A Survival Guide to a PhD (2016)
karpathy.github.io41 points by vismit2000 4 days ago
41 points by vismit2000 4 days ago
The one piece of advice I give new PhD students is to maintain a list of your references for a bibliography ahead of time. For every paper you read, copy the citation in BibTeX format and write a couple of sentences to remind yourself what the paper was about. Do this for every source, even if it doesn't seem important at the time.
Zotero and AI have this covered now. If there's one thing AI is good at it's summarising crappy formatted papers. Never understood the 2 and 3 column thing. Horrendous way to format something.
Karpathy is an interesting case of PhD gone industry and he mentions this topic in the article. In my field of computational social science it is sadly very taboo to happily leave the academy. Yet, they don’t do much to make it more appealing. My biggest win was to find a group of people outside of my research group that I liked collaborating with. Research is more fun as a team sport.
I did a bachelor degree part time later in life around work and family life. I'm doing a masters full time around work and family life. My experience with academia so far have put me off further study. I really don't get the research thing, and the whole experience seems like bullshit to me. Out of all my experiences doing these things the best has been on the taught modules, that I enjoyed and I didn't feel were out of date, the worse has been the dissertations where you're doing "research". Think of a project off the top of your head and "research" it. Nonsense.

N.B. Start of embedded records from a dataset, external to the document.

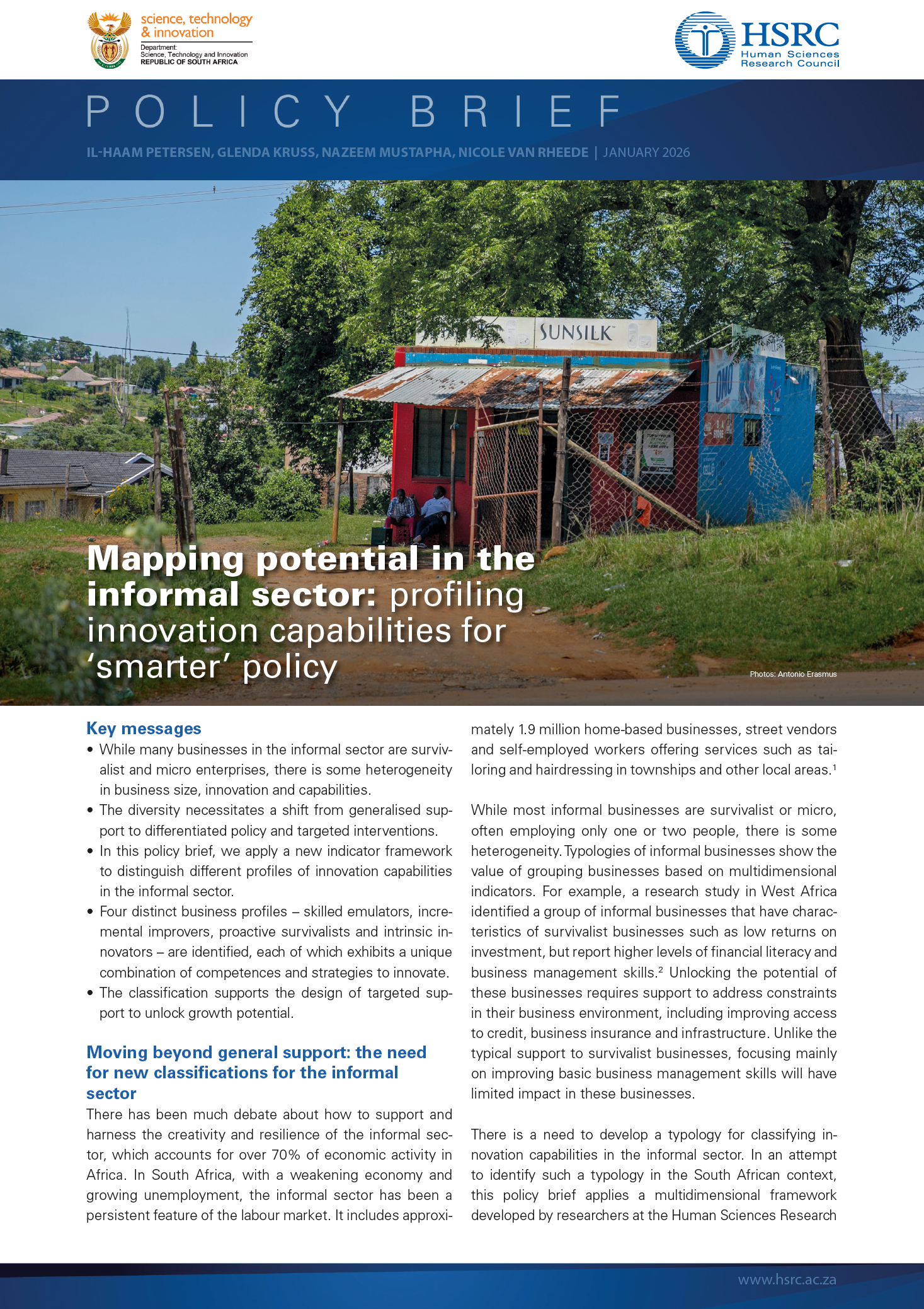 Informal businesses significantly contribute to employment and income generation in South Africa. As HSRC research shows, innovation is crucial to their survival. On 24 and 25 April 2024, the HSRC held a workshop with informal business owners at Philippi Village, Cape Town, to share a new evidence-based toolkit designed to support informal businesses in strengthening…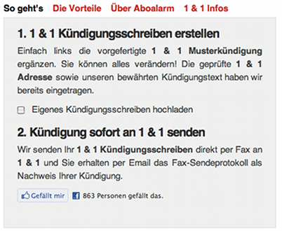هذا الموقع يعرض لك اولاً نوع الـ Kündigung  و بعد ذلك يظهر لك اسم الشركة و من ثم تتوجة الى صفحة الكتابة و هناك بامكانك مشاهدة نص طلب انهاء العقد و ما عليك الا ان تضيف اسمك , رقم العقد , تاريخ انهاء العقد و عنوانك . و بجانب تلك الرسالة ستشاهد عنوان و الذي سيتم ارسال الـ Kündigung اليه .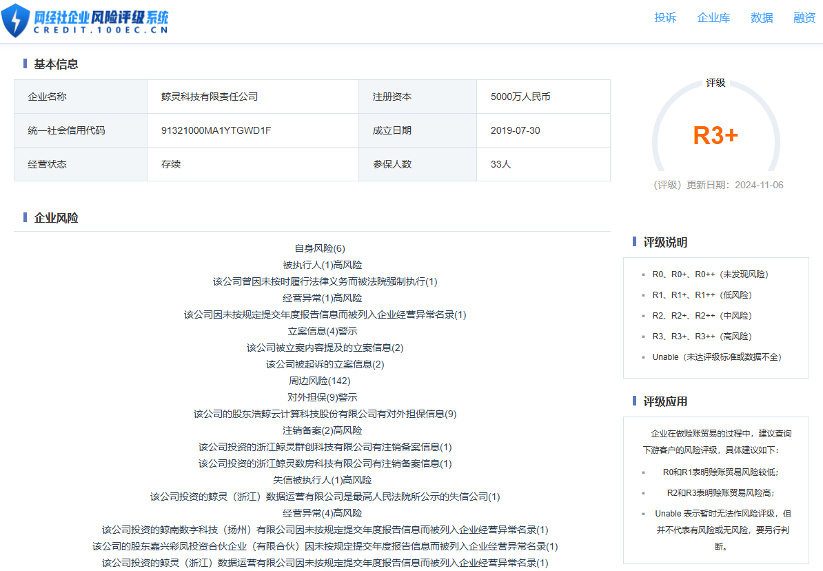 據“網經社企業風險評級系統”顯示,“蜂享家”隸屬於鯨靈科技有限責任公司的風險評級為R3+,公司目前所處高風險。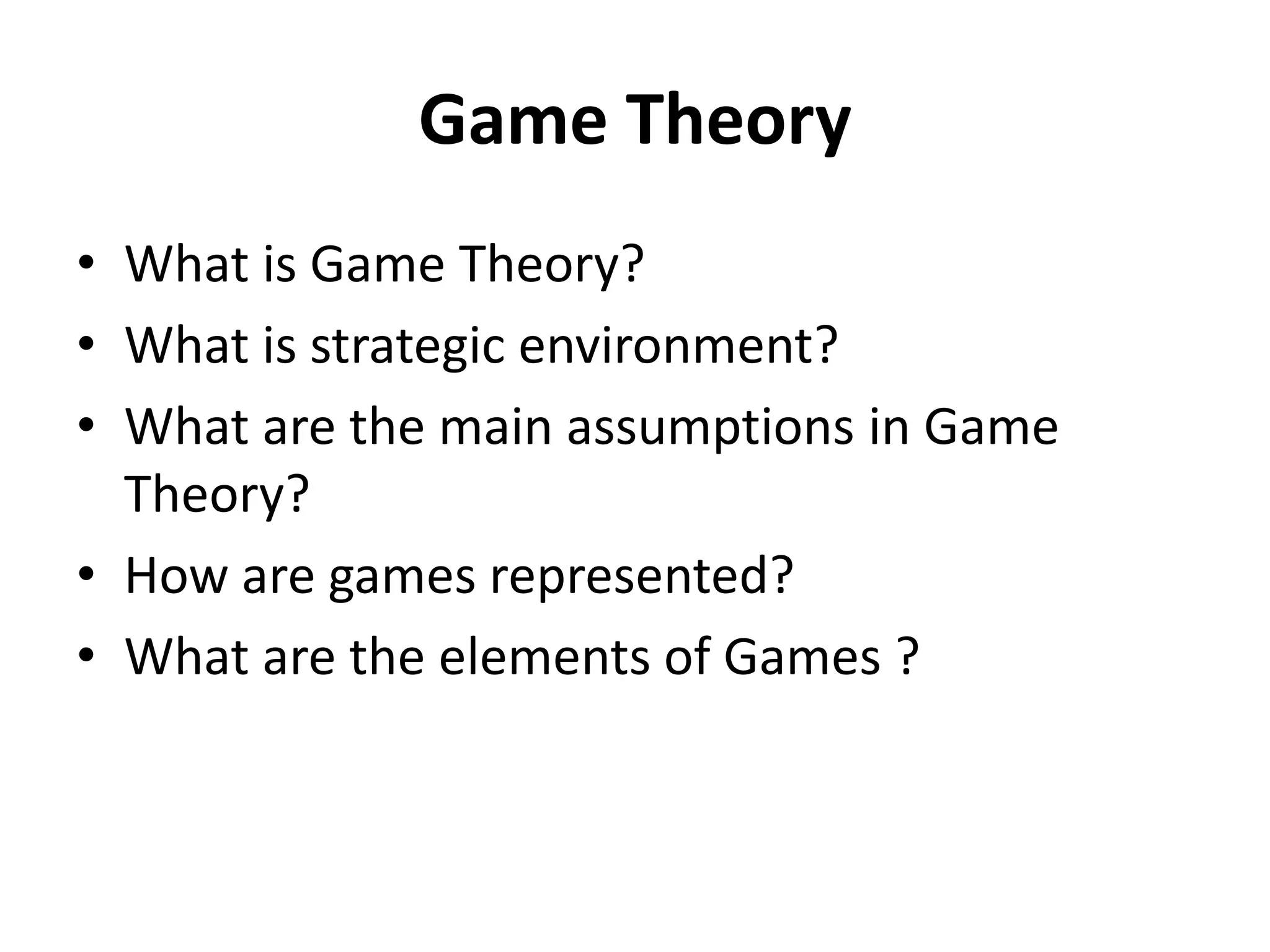 Game theory is used to model strategic decision making between players. It assumes players are rational and make decisions to maximize their payoffs. Games are represented using matrices that show players' strategies and corresponding payoffs. Key concepts include Nash equilibrium, where each player's strategy is the best response to other players' strategies so no player wants to deviate unilaterally. Examples include the Prisoner's Dilemma and coordination games.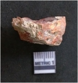 | Description / विवरण | The carnelian flake is red in colour, with angular flaked edges and a bulbous end. The piece has sharp pointed end and a crypto-crystalline matrix. The piece is reddish in colour; with silica base. |
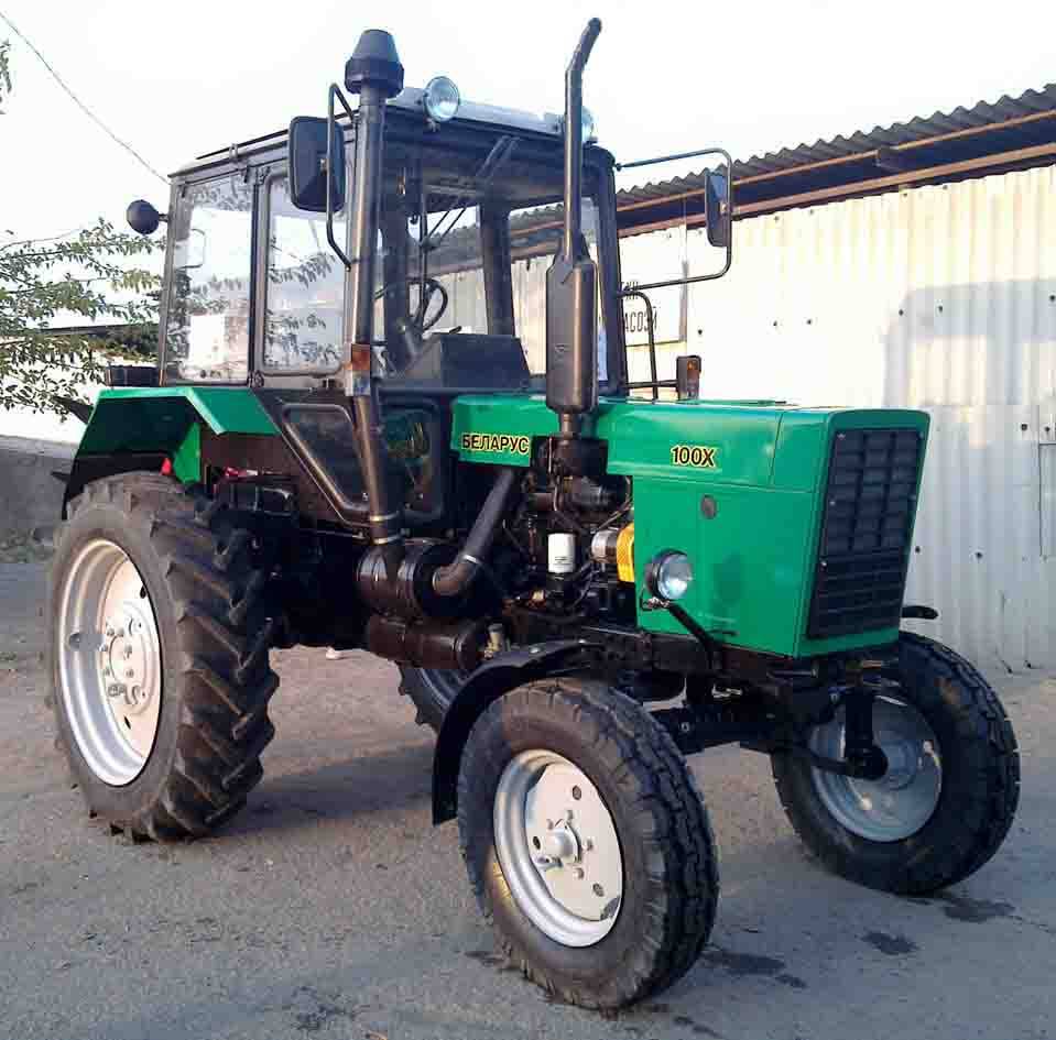 Кабина МТЗ-100 расположена над задним мостом машины. Двигатель же установлен на переднем брусе, а его надежная фиксация осуществляется с помощью опоры шарнирного типа. Кстати, там же расположен гидроусилитель руля и радиаторы системы смазки и охлаждения. Вообще, основными элементами трактора являются:

I finished a PhD while working full time with 3 young kids. Feel free to reach out if you've been interested and I can share my experience with you.
Interesting. A couple of questions: - How young are the kids? - How do they behave, especially with essentials like eating and sleeping habits? - Could you carve out a morning and/or evening routine for yourself? - How much outside help could you rely on (grandparents nearby, lovely neighbours...)?

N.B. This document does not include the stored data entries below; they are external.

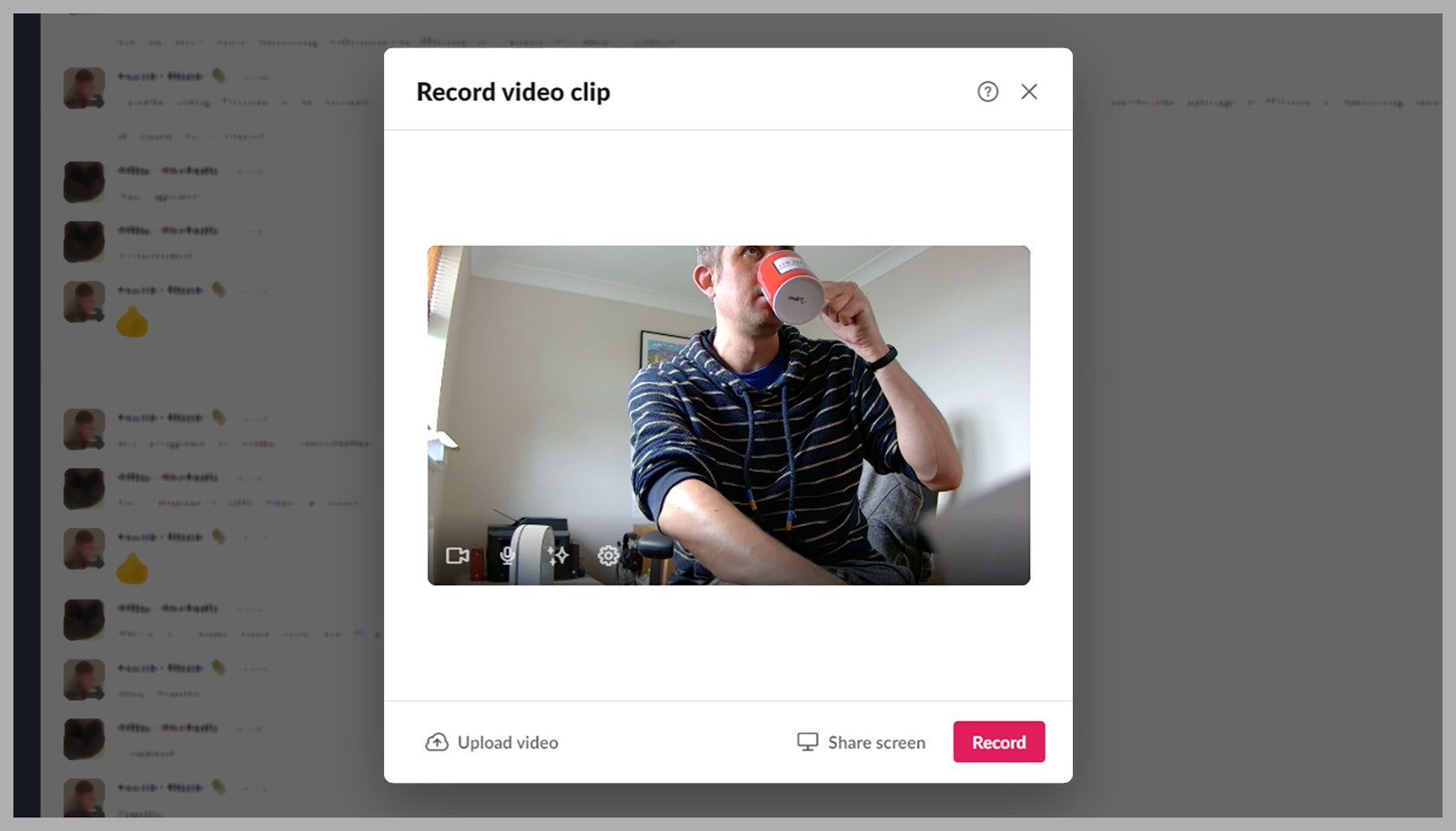 Over in the web and desktop clients for Slack, you can click the “record a video clip” button at the bottom of any conversation—it’s the button that looks like a video camera. On mobile, tap the + (plus) button to find the option. The clip can include screen sharing, and can be up to five minutes long—you’re able to review it afterward, and as on Teams, you can simply upload an existing video file if you prefer.
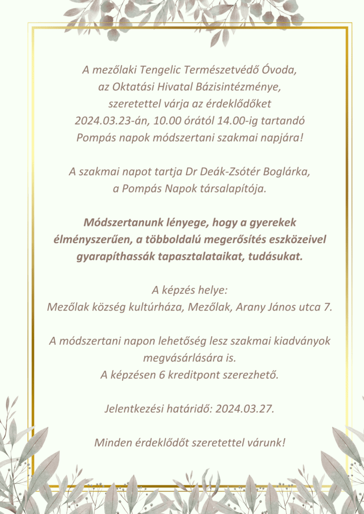 A mezőlaki Tengelic Természetvédő Óvoda, az Oktatási Hivatal Bázisintézménye, szeretettel várja az érdeklődőket, 2024.03.23-án, 10.00 órától 14.00-ig tartandó Pompás napok módszertani szakmai napjára! A szakmai napot tartja Dr Deák-Zsótér Boglárka a Pompás Napok alapítója.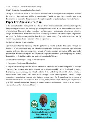 Week 7 Discussion Denormalization Functionality Week 7 Discu

How did you keep the motivation up?
(I tried doing a PhD while working full time, and quit the idea after 3 years.)
I can imagine that this will be similar to the "Emacs/Vim in the AI age" article - it will just be considered to matter less in the AI age. Why spend 3-5 years of your life with a sometimes frustrating experience to obtain this PhD degree if you have powerful models at your disposal that will just be able to solve everything for you? (Similar to why learn Elisp/VimScript/...) Especially considering the current trajectory, expecting where things will be in 5 or 15 years. It will just feel less and less appealing to get an in-depth education, especially a formal one.
Which is quite ironic, considering who wrote the article.
Models can solve the problem, but they can't tell you if the problem was worth solving in the first place.
LLMs fall victim to "garbage in, garbage out." Claude can solve open problems if you know what you're doing, but it can also incorrectly convince you it's right if you don't know what you're doing.
A PhD teaches you how to think, how to learn, and how to question the world. That's a vital set of skills no matter what tool exists.
It seems your question largely boils down to: “why do anything when AI could do it instead?”
I think there are many answers to this, not the least of which is that AI can’t really do it instead.